Elliptic Curve Formal Group Laws: Philosophy and Derivation
Eine deutsche Übersetzung des folgenden Abschnitts befindet sich hier.
Philosophical Motivation
In the study of groups with topological structure, we commonly replace the global object (the group) with a local object (the infinitesimal group). We play the following game.
- Start with a space.
- Define a method of adding two points to get a third point of this space (which is associative, unital, commutative, and has inverses).

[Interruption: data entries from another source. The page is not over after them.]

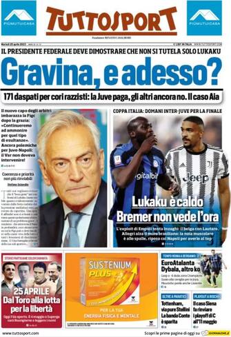 Tuttosport: apertura con titolo "Gravina, e adesso?". Il presidente Federale deve dimostrare che non si tutela solo Lukaku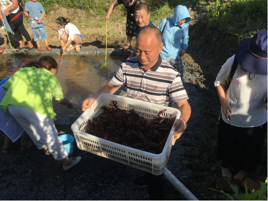 在郴州市吳山村小龍蝦養(yǎng)殖基地,一群游客圍在一個養(yǎng)蝦池邊歡笑不斷,不時響起一聲聲驚喜的尖叫,這里正在進(jìn)行一場“釣蝦大賽”。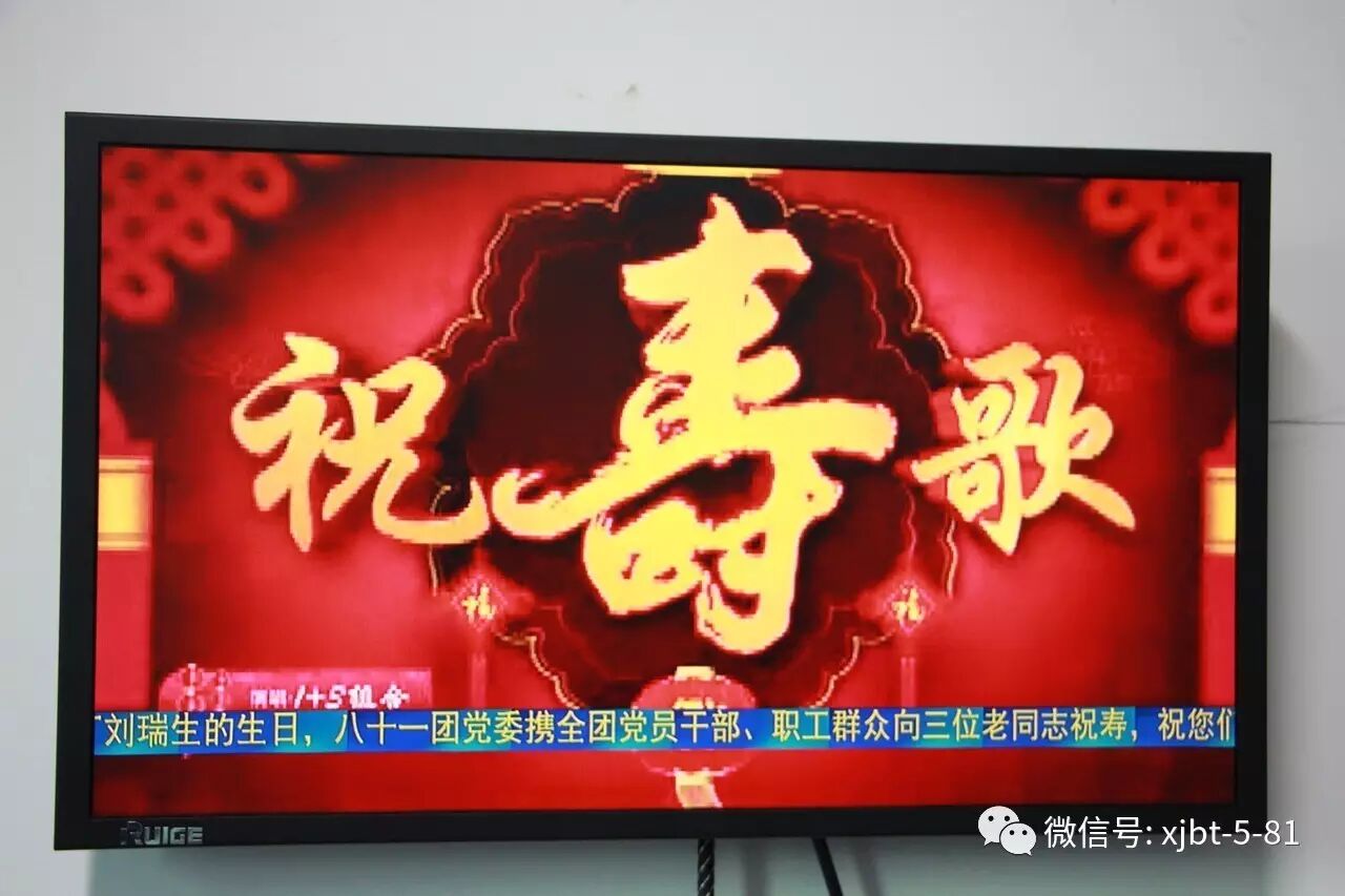 从今年4月开始,八十一团党委决定在团电视台开设《为离退休老同志生日送祝福》栏目,为全团 1500余名离退休老同志送去生日祝福语和祝福歌曲,表达全团广大干部职工群众对他们的祝愿,感谢他们为团场发展建设作出的贡献。

- Derive an infinitesimal group.
Examples:
- Lie group (group internal to the category of smooth manifolds) (\to) Lie algebra (group internal to the category of infinitesimal spaces).
- elliptic curve formal group (\to) elliptic curve formal group law.
- Start with an elliptic curve over a scheme (\text{Spec }R).
- An elliptic curve is a group scheme (over (\text{Spec }R)) whose underlying object is 1-dimensional, proper, and smooth. In less abstract terms, it comes with an addition law and a marked point for free.
- Formally complete the elliptic curve along the origin In less abstract terms, take the Taylor series expansion of the addition law.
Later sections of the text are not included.